Before childbirth, daily Kegels increase the flexibility and strength of the perineum. Kegels done after delivery will increase circulation to the area, which helps reduce swelling and promotes healing.
Some people claim continued Kegel exercises result in other bonuses, including enhanced sexual pleasure, and avoidance of the dreaded “sneeze pee,” or stress incontinence.
Peri Bottle: Squirt
Me
Your health care provider will give you a perineal squirt bottle for use after
delivery. Fill it with warm water, and irrigate the area during and after urination.
Feels great. Use it after a bowel movement as well for scrupulous cleanliness,
and remember: no straining!
In the days after your beautiful babe is born, you will undoubtedly have many visitors who, if they are clever, will do your laundry, wash your dishes, walk your dog, put a casserole in the oven and scoot out the door. Many will remind you to “take care.” We know that’s what you’ve been doing all along, and what you will do with your little one in the years to come. Remember, too, that “taking care” means taking care of you - and all your private parts.
Peri Care
Here's an overview of the standard perineal care regimen suggested by many caregivers
for all new moms:
• Avoid touching the affected area.
• Use the peri-bottle to squirt warm water on your perineum during urination. The water will dilute the urine so it won’t sting.

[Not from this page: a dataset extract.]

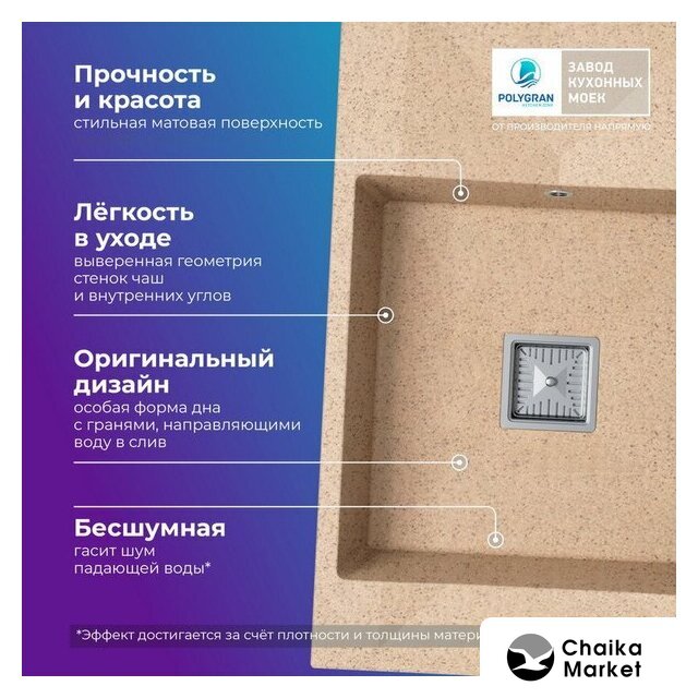 врезная на столешницу, искусственный камень, размеры: 58x49 см, глубина чаши: 18 см, в шкаф шириной от 50 см

• Pat the area dry from front to back to avoid introducing germs from the rectum into the vaginal area.
• Change your sanitary pad every four hours.
• When you get home and have some privacy, lie in bed without the sanitary pad and let your perineum “air dry.” Put some old towels down first.
• Apply ice packs every couple of hours for the first 12 to 24 hours. The ice will help reduce swelling.
• After the first day, heat helps increase circulation to the site and promotes healing. Try a heat lamp, blow dryer or warm sitz bath.
• Avoid standing or sitting for long periods, which can strain an already over-taxed perineum.
• Consult your midwife or doctor if you’re not finding relief or if you experience any fever. For pain, your caregiver may prescribe pain relievers or medicated pads. Fever may be a sign of infection — always a possibility if you have stitches or cuts — but with proper perineal care the risk is considered minimal.
• Relax and give yourself time to heal. Every new mom recovers in her own way and on her own schedule. Follow your caregiver’s instructions, focus on healing, and begin the lifelong process of getting to know your baby.